2023-07-30 03:30:21
What a clever name that of the “Frigidaire”! In the early 1960s, not many bars in Libreville offered air conditioning and cold beer. One evening, among the customers who had come to escape the humidity of the Gulf of Guinea, there was Pierre Castel, a Frenchman who sells entry-level wines imported by bulk carrier from his native Bordeaux. He’s around 35, average height, thick black eyebrow.
A young man approaches him, introducing himself as secretary to the presidency and inviting him the next day to the palace. The merchant goes to the meeting, without really knowing if this Albert-Bernard Bongo – who will later become president – is close to the head of state or a margoulin. But it is indeed the President of Gabon who receives him. Léon Mba is annoyed to depend on neighboring Cameroon to supply his country with beer. “Set up a brewery, we will support you », does he challenge Pierre Castel, who told the anecdote in a rare interview with the Monde in 2013. A total novice, the Frenchman started in exchange for a piece of land.
At the Frigidaire began the construction of a beer empire which, sixty years later, has accumulated 5 billion euros in turnover and claims 40,000 employees in some twenty African countries. The wine branch, which has survived, is much smaller but nevertheless considerable: with 1 billion euros in announced revenues, it ranks number one in France and number two in Europe thanks to its Baron de Lestac brands (an anagram of Castel), Malesan or Listel.

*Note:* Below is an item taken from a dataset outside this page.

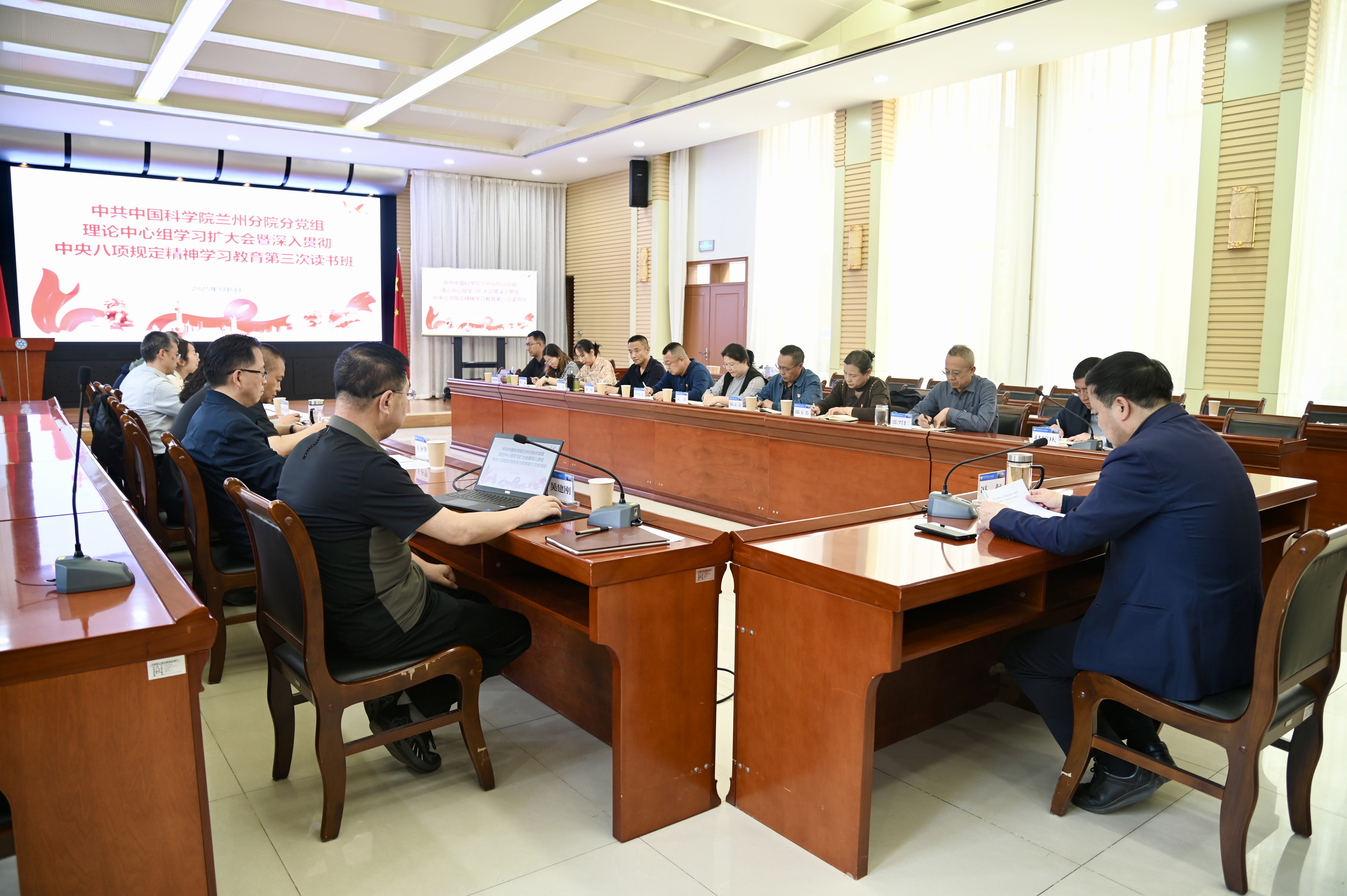 5月6日下午,中國科學院蘭州分院分黨組召開理論學習中心組學習擴大會議暨深入貫徹中央八項規(guī)定精神學習教育讀書班第三次集體學習。會議由蘭州分院分黨組書記、院長馮起主持,分黨組領導班子成員,系統(tǒng)單位黨委委員,機關黨委委員、紀委委員、高級業(yè)務主管四級職員、各部門負責人、各黨支部書記參加會議。

Pierre Castel, 96, tenth French fortune according to the magazine Challenges (with 13.5 billion euros in 2022), is obviously not African. But his name is much better known on the continent than in France. The weight of its breweries is significant in many economies, especially French-speaking ones, sometimes as the first taxpayer (Central Africa, Chad) or first employer (Central Africa once more, Burkina Faso).
Its positions can be extremely dominant, even monopolistic. Popular in the “maquis” of Abidjan, these open-air eateries, its Bock alone totals 60% of the Ivorian beer market, according to the company. Same picture with the Simba in the « I was » of Lubumbashi or the Pils in the “foufou-bars” from Lome.
“I was hungry and ambitious”
Jesus Sebastian Castel (according to civil status) is of Spanish origin (Pierre is his baptismal name). The story goes that his very modest parents immigrated to France to work as vineyard workers in Bordeaux, where he was born in October 1926, the sixth of nine siblings. The children help with the vines following school. “I was hungry and ambitious. I didn’t want to push the wheelbarrow all my life,” he told Challenges.